Немаловажно и то, что почвенники, никоим образом не отрицая важную роль государства, придавали решающее историческое значение не ему, а народу-нации. Другими словами, они были в первую очередь русскими националистами и лишь вследствие этого патриотами России. Той России, которая должна быть «ясным проявлением народного духа» (Страхов).

Национализм почвенников не возник /i>ex nihilo; напротив, он имел прочные корни в русской мысли конца XVIII - XIX столетия. К числу их предшественников принадлежал, несомненно, Н. М. Карамзин, ясно высказавший мысль о единстве личного и национального достоинства человека. Почвенники не только усилили акцент на этом единстве, они также углубили его понимание, увидев в национальности человека фундаментальную характеристику его внутреннего душевно-духовного бытия5. В связи с этим национализм почвенников приобрел отчетливо персоналистический характер, а их идеология может быть определена как идеология национал-персонализма.

Дальнейшее развитие этого типа русской национальной идеологии происходило в трудах сравнительно немногих мыслителей: Петра Евгеньевича Астафьева (1846-1893), Николая Григорьевича Дебольского (1842-1918), отчасти Ивана Александровича Ильина (1882-1954).

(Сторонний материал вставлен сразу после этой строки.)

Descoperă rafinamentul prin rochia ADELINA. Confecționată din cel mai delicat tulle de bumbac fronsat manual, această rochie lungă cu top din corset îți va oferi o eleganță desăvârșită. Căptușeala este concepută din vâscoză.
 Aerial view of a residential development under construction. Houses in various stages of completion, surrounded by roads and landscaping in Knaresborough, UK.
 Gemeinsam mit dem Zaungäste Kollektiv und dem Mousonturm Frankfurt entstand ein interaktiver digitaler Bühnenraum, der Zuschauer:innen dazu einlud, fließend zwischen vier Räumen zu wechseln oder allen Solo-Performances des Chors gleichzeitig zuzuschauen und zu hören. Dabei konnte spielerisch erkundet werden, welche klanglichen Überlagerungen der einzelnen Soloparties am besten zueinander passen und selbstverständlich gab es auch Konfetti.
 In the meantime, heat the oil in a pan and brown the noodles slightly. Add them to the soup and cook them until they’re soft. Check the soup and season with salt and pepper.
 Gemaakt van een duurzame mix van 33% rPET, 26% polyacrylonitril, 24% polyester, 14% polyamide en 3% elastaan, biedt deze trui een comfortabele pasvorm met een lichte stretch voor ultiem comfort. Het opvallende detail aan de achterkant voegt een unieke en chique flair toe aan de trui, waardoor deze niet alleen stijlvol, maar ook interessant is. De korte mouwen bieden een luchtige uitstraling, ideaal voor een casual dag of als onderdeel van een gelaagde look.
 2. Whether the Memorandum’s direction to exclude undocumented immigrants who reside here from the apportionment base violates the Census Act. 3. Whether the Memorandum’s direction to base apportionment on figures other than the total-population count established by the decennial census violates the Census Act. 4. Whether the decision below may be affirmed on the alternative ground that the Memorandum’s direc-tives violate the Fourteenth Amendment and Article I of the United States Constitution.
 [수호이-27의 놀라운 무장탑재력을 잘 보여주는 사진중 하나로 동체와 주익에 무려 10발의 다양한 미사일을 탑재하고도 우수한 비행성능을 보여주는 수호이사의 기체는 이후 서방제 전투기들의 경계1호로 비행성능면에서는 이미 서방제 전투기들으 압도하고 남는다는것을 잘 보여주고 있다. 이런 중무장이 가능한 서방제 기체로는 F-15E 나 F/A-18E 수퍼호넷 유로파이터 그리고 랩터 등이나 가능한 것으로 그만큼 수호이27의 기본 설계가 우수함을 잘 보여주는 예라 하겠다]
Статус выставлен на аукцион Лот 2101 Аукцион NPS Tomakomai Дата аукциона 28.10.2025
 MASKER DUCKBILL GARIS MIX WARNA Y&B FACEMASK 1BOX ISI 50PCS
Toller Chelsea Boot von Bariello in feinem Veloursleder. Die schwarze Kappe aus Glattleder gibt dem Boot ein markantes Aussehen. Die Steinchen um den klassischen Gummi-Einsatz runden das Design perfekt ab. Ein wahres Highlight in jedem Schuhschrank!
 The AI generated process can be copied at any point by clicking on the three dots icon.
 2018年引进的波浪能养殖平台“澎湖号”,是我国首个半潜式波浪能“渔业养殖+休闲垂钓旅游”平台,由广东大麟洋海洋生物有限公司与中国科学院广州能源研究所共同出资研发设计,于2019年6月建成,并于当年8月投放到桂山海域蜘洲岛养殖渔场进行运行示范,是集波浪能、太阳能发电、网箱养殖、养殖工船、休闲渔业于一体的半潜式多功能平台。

Но, как отмечал еще Гераклит, там, где дело идет об истине, во «многих» нет необходимости. Для истины нужны только лучшие, а ими мы, несомненно, располагаем. Надо только научиться их узнавать и понимать.



1 Впервые этот термин предложил, по-видимому, Н. А. Бердяев, см.: Бердяев Н. А. А. С. Хомяков. М., 1912. С. 209. К нему присоединялся Н. В. Устрялов, см.: Устрялов Н. В. Национальная проблема у славянофилов // Русская мысль. 1916. Кн. X. С. 7.
2 Жуков В. И., Тавадов Г. Т. Большой этнологический словарь. М., 2011. С. 342.
3 См. подробнее: Кутузов Б. Ошибка русского царя Византийский соблазн. М., 2008.
4 Данилевский Н. Я. Россия и Европа. С. 436.
5 По сути дела, и Ф. М. Достоевский, даже после ухода в публицистику панславянского и «всечеловеческого» толка, оставался верен идее «внутренней национальности» при создании художественных образов русского человека.